Studio album by Neil Young
- Released: August 12, 1985
- Recorded: January 1983 – April 1985
- Venue: The Opry, Austin, Texas
- Studio: House of David, Nashville; The Castle, Franklin, Tennessee; Pedernales Recording, Spicewood, Texas;
- Genre: Country; country rock;
- Length: 36:43
- Label: Geffen
- Producer: Neil Young; David Briggs; Ben Keith; Elliot Mazer;

Neil Young chronology
| Everybody's Rockin' (1983) | Old Ways (1985) | Landing on Water (1986) |

Singles from Old Ways
- "Are There Any More Real Cowboys?" / "I'm a Memory" Released: 1985; "Get Back to the Country" / "Misfits" Released: September 1985; "Old Ways" / "Once an Angel" Released: February 1986;

= Old Ways =

Old Ways is the fifteenth studio album by Canadian-American musician and singer-songwriter Neil Young, released on August 12, 1985, by Geffen Records. He recorded several songs at producer David Briggs' Nashville recording studio House of David with long-time collaborators Ben Keith, Tim Drummond, Karl T. Himmel, Spooner Oldham and Rufus Thibodeaux, in January 1983. Young went into Castle Recording Studios, Tennessee, in March 1985 with both the musicians from the earlier Harvest album and various local studio musicians, to complete the album. He duets with Waylon Jennings on "Bound for Glory", and with Willie Nelson on "Are There Any More Real Cowboys?".

Professional ratings
Review scores
| Source | Rating |
| AllMusic | Star |
| Robert Christgau | B |
| Kerrang! | Half star |
| Rolling Stone | (favorable) |

==Background==
Young first made an attempt at a country album in January 1983. He recorded several songs at producer David Briggs' Nashville recording studio House of David with long-time collaborators Ben Keith, Tim Drummond, Karl T. Himmel, Spooner Oldham and Rufus Thibodeaux, who had all previously backed Young on Comes a Time from 1978. The songs "Old Ways", "Depression Blues", "California Sunset", "My Boy", "Are There Any More Real Cowboys?" and "Silver and Gold" all date from these sessions. After turning in Trans and the unreleased Island in the Sun in 1982, Young's record label, Geffen, objected to a country album, asking Young for a "rock 'n roll" record, which Young gave them in the form of 1983's Everybody's Rockin'. "Depression Blues" later appeared on Young's Geffen-era compilation Lucky Thirteen, while "Silver and Gold" appeared as the title track of an album in 2000. Young describes this first effort in a June 1988 Rolling Stone interview with James Henke:
There was a whole other record, the original Old Ways, which Geffen rejected. It was like Harvest II. It was a combination of the musicians from Harvest and Comes a Time. It was done in Nashville in only a few days, basically the same way Harvest was done, and it was co-produced by Elliot Mazer, who produced Harvest. There's Harvest, Comes a Time and Old Ways I, which is more of a Neil Young record than Old Ways II. Old Ways II was more of a country record – which was a direct result of being sued for playing country music. The more they tried to stop me, the more I did it. Just to let them know that no one's gonna tell me what to do. I was so stoked about that record. I sent them a tape of it that had eight songs on it. I called them up a week later, 'cause I hadn't heard anything, and they said, "Well, frankly, Neil, this record scares us a lot. We don't think this is the right direction for you to be going in." ... They didn't look at me as an artist; they looked at me as a product, and this product didn't fit in with their marketing scheme.

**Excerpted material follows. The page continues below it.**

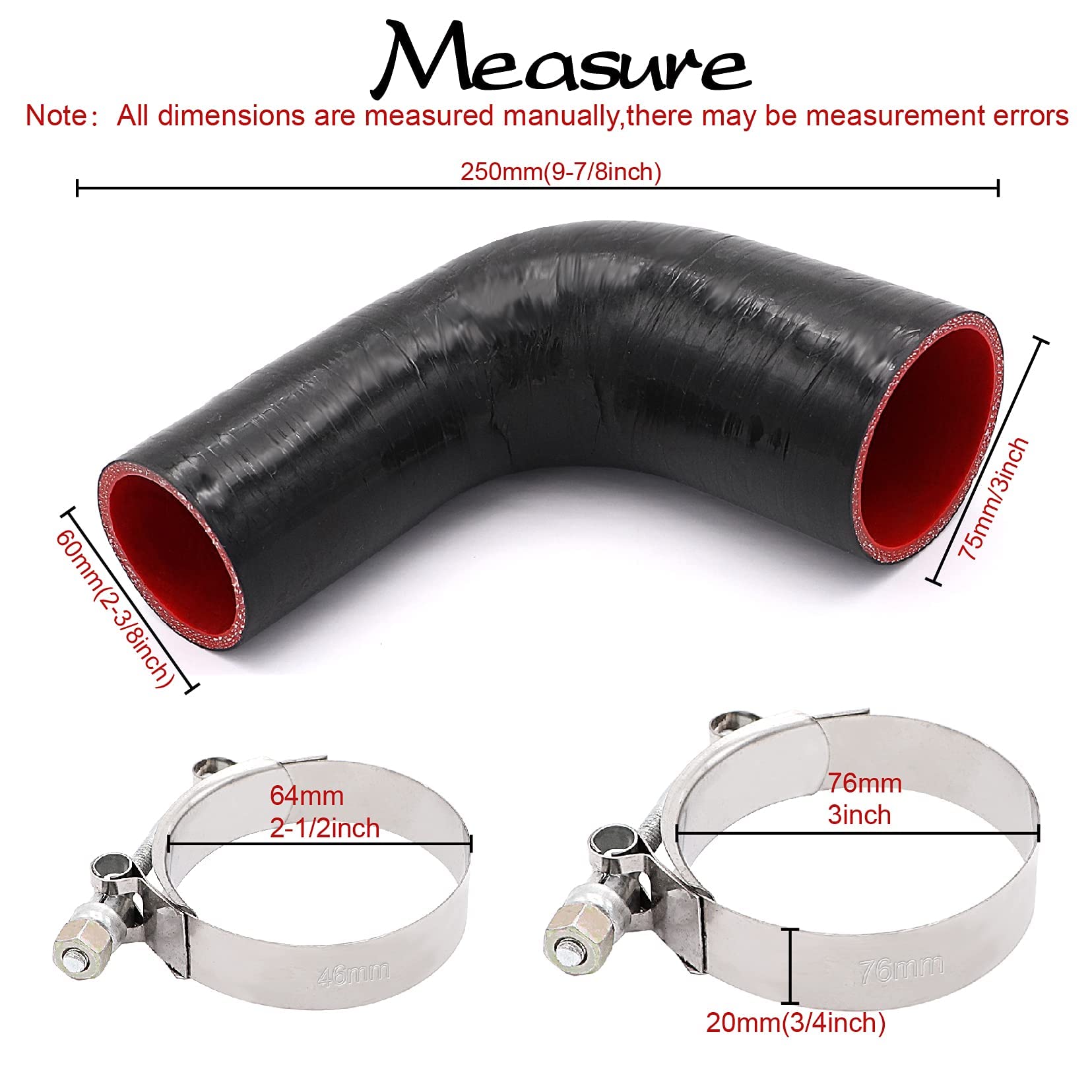 Size: ID2"to2.5"(51mm to 63mm) T-Bolts:One of Diameter 2.5"(64mm),Another One of Diameter 3"(76mm) Silicone Hose Wall Thickness: 5mm 4-Ply Length: 102mm one leg Range of Working TEMP: -60 C to +230C Advantages: It has an extremely low degree of water absorption and its mechanical properties show minimal change, even after long period of immersion. Package include: 1x hose, 2x T-Bolts

In 1984, Young toured with the band from the 1983 sessions. The tour included an appearance on the Austin City Limits TV show and would eventually be chronicled on the live album A Treasure in 2011. Young saw country music and his adopted country music persona as a respite from his then-waning career in rock music, the demands of his record company, and his struggles to record the rock album that would become Landing on Water. He explained to the Melody Makers Adam Sweeting in a September 1985 interview: "In some ways rock 'n' roll has let me down. It really doesn't leave you a way to grow old gracefully and continue to work. If you're gonna rock you better burn out, 'cause that's the way they wanna see you."

==Recording==

In Spring 1985, Young returned to the studio to record a country music album. During sessions at various Nashville studios, over a dozen new songs were recorded with both his longtime collaborators and local studio musicians as well as Waylon Jennings. The sessions featured many of the musicians from the earlier Harvest and Comes a Time albums. Additionally, Willie Nelson added vocals and guitar to the 1983 recording of "Are There Any More Real Cowboys?" at his Lake Travis recording studio, making the song into a duet. Outtakes from the 1985 sessions include "Amber Jean", "Beautiful Bluebird" and "Let Your Fingers Do the Walking", among others.

==Songs==
Many of the songs on the album reflect a sense of contentment with family life. "Once an Angel" is a tribute to his wife, Pegi, while "My Boy" is an ode to his son, Zeke. In a 2020 posting on his Archives website, Young describes "My Boy" as "probably the most soulful recording I have ever made." The outtake "Amber Jean" celebrates the birth of his newborn daughter. Another outtake, "Silver and Gold" also reflects his seeming satisfaction with family life, while "California Sunset" is dedicated to his adopted home.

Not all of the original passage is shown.